7. On the other hand, Mr. Gaurav M. Liberhan, ld. counsel appearing for the Club, submits that the interim order was obtained by completely misleading this Court. The stand of the Club is clear - it has to obtain the approval of the Central Government. The interim order records the contention of the Petitioner in the manner that the amendment cannot be considered by the EGM, without prior approval of the Central Government. This is not the correct legal position. The correct position is as is contained in the explanatory statement i.e., once the amended MOA and AOA is placed before the EGM and the amendments are approved by the EGM, only then is it required to be placed before the Central Government for approval. Until that procedure takes place, the writ petition itself is premature.
8. Ld. Counsel further submits that the allegations about the UCP cards and the children of permanent members being given benefits is incorrect. All that the proposed MOA and AOA seeks to do is to give dependant cards to children of permanent members who are between the ages of 13 and 21. In any event, the said children are enjoying the facilities of the Club even today. He submits that children of permanent members are also being issued cards to use the facilities of the Club, even upon attainment of the age of 21.
9. On behalf of the Government, it is submitted that the prayer in the writ petition is for seeking investigation against the activities of the Club and, at this stage, there is no requirement to file a counter-affidavit.
10. Having heard the ld. counsel for the parties, the first and foremost contention that needs to be considered is whether the EGM ought to be permitted to be held. The holding of a EGM is inherent for the functioning of any company including the Respondent Club. All decisions regarding the manner in which the Club is to be run first vests with the members and then the governing bodies. The Court’s intervention ought to be minimal. Unless there is complete perversity or fraud or illegality in the functioning, there ought to be no interference.
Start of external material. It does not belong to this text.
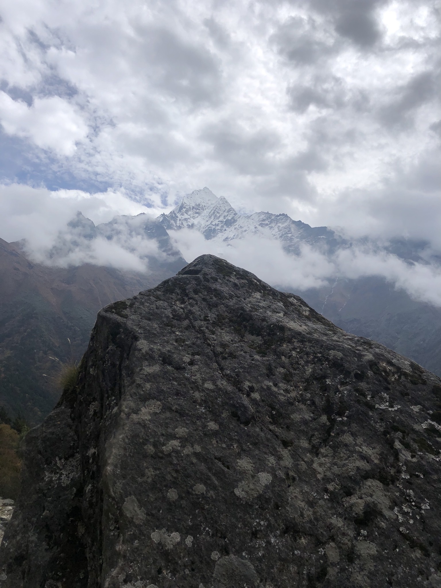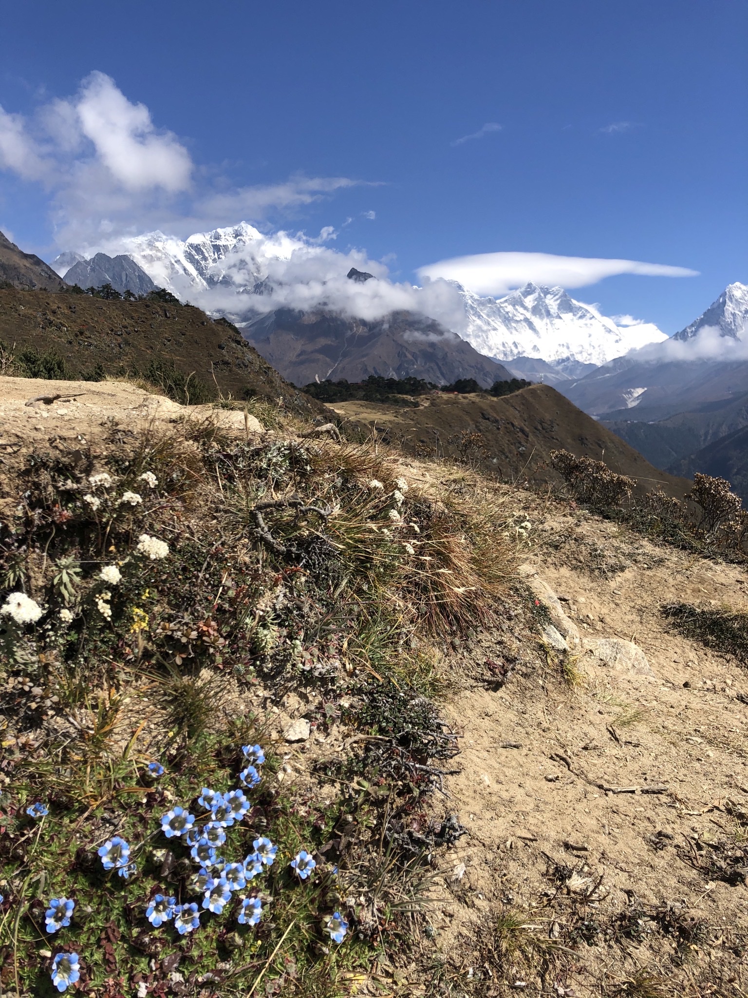Selanjutnya hamparan bukit lapang, 3.775 mdpl, berkali-kali helikopter terbang kian kemari. (Helikopter carteran untuk pendaki berkantong tebal, baik yang mau naik maupun turun, ke atas ataupun ke bawah, enaknya.) Pemandangan dalam terik matahari dan angin sejuk membuat betah berlama-lama, seolah setiap titik layak untuk diabadikan, hingga terlambat mencapai titik tujuan, Hotel Everest View, 3.880 mdpl. Kabut sudah menutup Puncak Everest, pukul 12 siang lewat.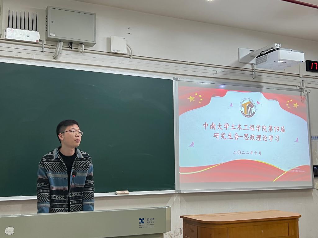 2022年10月09日下午5时,新葡的京集团35222vip研究生会思政理论学习活动在世纪楼主401教室顺利开展。本次会议由研会主席团成员杨佳宝同学主持,第19届土木院研会全体成员均参加了本次会议。...

Moreover, the entertaining of a petition at the instance of a person who is not a member is a serious issue of maintainability that will have to be determined by the Court.
11. The issue has been raised as to whether prior approval by the Government is required for placing the amended MOA and AOA before the EGM. Section 8(4) reads as under:
except with the previous approval of the Central Government.
(ii) A company registered under this section may convert itself into company of any other kind only after complying with such conditions as may be prescribed.”
12. The admitted position is that the Club is a company which has obtained registration under Section 8 (1) of the Companies Act, 2013. The MOA and AOA contain an explanatory statement to the following effect: “Item No.1: ALTERATION OF MEMORANDUM OF ASSOCIATION (MOA)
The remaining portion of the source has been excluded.